There is widespread agreement that per capita health care expenditure growth in excess of GDP growth, particularly in Medicare, is unsustainable. Given the large percentage of US health care costs consumed by hospital inpatient care, payer pressure on hospital margins is inevitable and already embedded in the Affordable Care Act.

Insights from engineering science offer health care payers an important opportunity to fine-tune DRG-based payments and wider hospital payment bundles likely to be implemented by the new CMS Innovation Center.  As Medicare and other payers renew their effort after health reform to gear payment to what is required by an “efficient hospital,” payment fairness depends on the use of this science.

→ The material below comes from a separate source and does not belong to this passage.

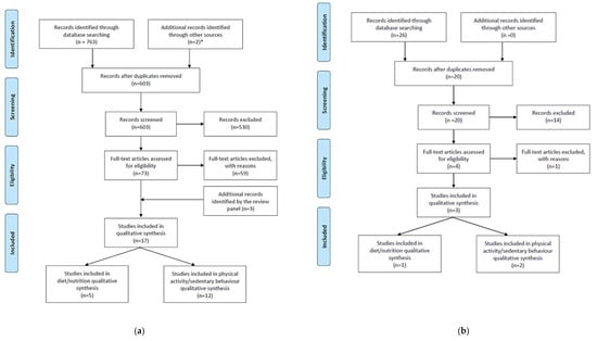 Flow of information through the different phases of the rapid review for identification of (a) studies on diet and physical activity/sedentary behaviour, and (b) studies on diet and physical activity/sedentary behaviour that specifically relate to Aboriginal and Torres Strait Islander children. The PRISMA (Preferred Reporting Items for Systematic Reviews and Meta-Analyses) diagrams are modified from Moher et al. [64]. * [62,63].

Engineering science also offers a major short-term opportunity for hospitals to lower their operating cost substantially and improve quality of care.  The application of Queuing Theory and Variability Methodology to “smooth” hospital admissions likely represents the single largest single opportunity for surgeons and hospital leaders to improve the affordability of their care and, thereby, of U.S. health insurance. Early hospital adopters such as Cincinnati Children’s Hospital (CCH) have been able to increase hospital throughput capability by more than 15 percent without increasing staff or capital spending , thereby avoiding construction by CCH of 100 new beds and capital expenditures of over $1 million per bed. If the experience of early hospital adopters proves generalizable, it will reduce U.S. hospital cost per admission by ~15 percent. Since hospitalizations, including outpatient procedures, consume about 30 percent of US health care spending, this single improvement would reduce the cost of U.S. health insurance by roughly 4-5 percent if hospitals pass savings through to insurers and insurers, in turn, to insurance buyers. It is also likely to reduce hospital mortality by sparing hospital nursing units preventable bulges in the number of new patients they must admit in a single day.

The Affordable Care Act did not require major sacrifices by hospitals and physicians. Americans now need hospital, surgeon, and physician leaders to deploy Variability Methodology and other operation management methods such as Queuing Theory quickly to smooth their daily rate of admissions, and then learn how they can use other engineering tools to improve the value of U.S. hospitals to society.  In return, hospital payers should use the same engineering tools to improve the fairness of current and new bundled hospital payment methods.